The data:

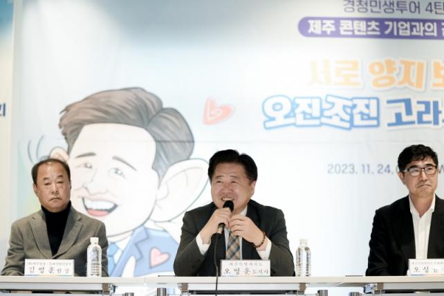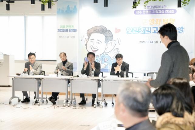 ¿À¿µÈÆ Áö»ç´Â 24ÀÏ ¿ÀÀü 11½Ã 40ºÐ W360¿¡¼ Á¦ÁÖ ÄÜÅÙÃ÷±â¾÷ °ü°èÀÚµéÀ» ¸¸³ª ÄÜÅÙÃ÷»ê¾÷ Ȱ¼ºÈ¸¦ À§ÇÑ µµÁ¤ÀÇ ÁÖ¿ä ÃßÁø¹æÇâÀ» °øÀ¯Çϰí, Á¦ÁÖÇü ÄÜÅÙÃ÷»ê¾÷ÀÇ µµ¾àÀ» À§ÇÑ »õ·Î¿î ¿¬°á°ú À¶ÇÕÀ» ¸ð»öÇß´Ù.
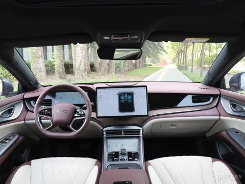 内饰设计也很有特色,吸取海洋灵感,采用双配色设计,配备有10.25英寸的全液晶仪表、15.6英寸自适应旋转悬浮式中控屏,内置有全新一一DiLink智能网联系统。
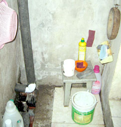 Phần đường nước chung (x) chảy qua nền nhà của bà Oanh, hiện đã bị xây bít.
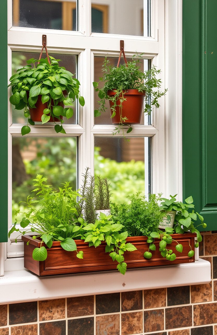 Hang herb boxes on your windows. They bring greenery and freshness to your kitchen.

Exercise instructions: Produce the material above again in full, with identical lines and no pictures.

Answer:
 ¿À¿µÈÆ Áö»ç´Â 24ÀÏ ¿ÀÀü 11½Ã 40ºÐ W360¿¡¼ Á¦ÁÖ ÄÜÅÙÃ÷±â¾÷ °ü°èÀÚµéÀ» ¸¸³ª ÄÜÅÙÃ÷»ê¾÷ Ȱ¼ºÈ¸¦ À§ÇÑ µµÁ¤ÀÇ ÁÖ¿ä ÃßÁø¹æÇâÀ» °øÀ¯Çϰí, Á¦ÁÖÇü ÄÜÅÙÃ÷»ê¾÷ÀÇ µµ¾àÀ» À§ÇÑ »õ·Î¿î ¿¬°á°ú À¶ÇÕÀ» ¸ð»öÇß´Ù.
 内饰设计也很有特色,吸取海洋灵感,采用双配色设计,配备有10.25英寸的全液晶仪表、15.6英寸自适应旋转悬浮式中控屏,内置有全新一一DiLink智能网联系统。
 Phần đường nước chung (x) chảy qua nền nhà của bà Oanh, hiện đã bị xây bít.
 Hang herb boxes on your windows. They bring greenery and freshness to your kitchen.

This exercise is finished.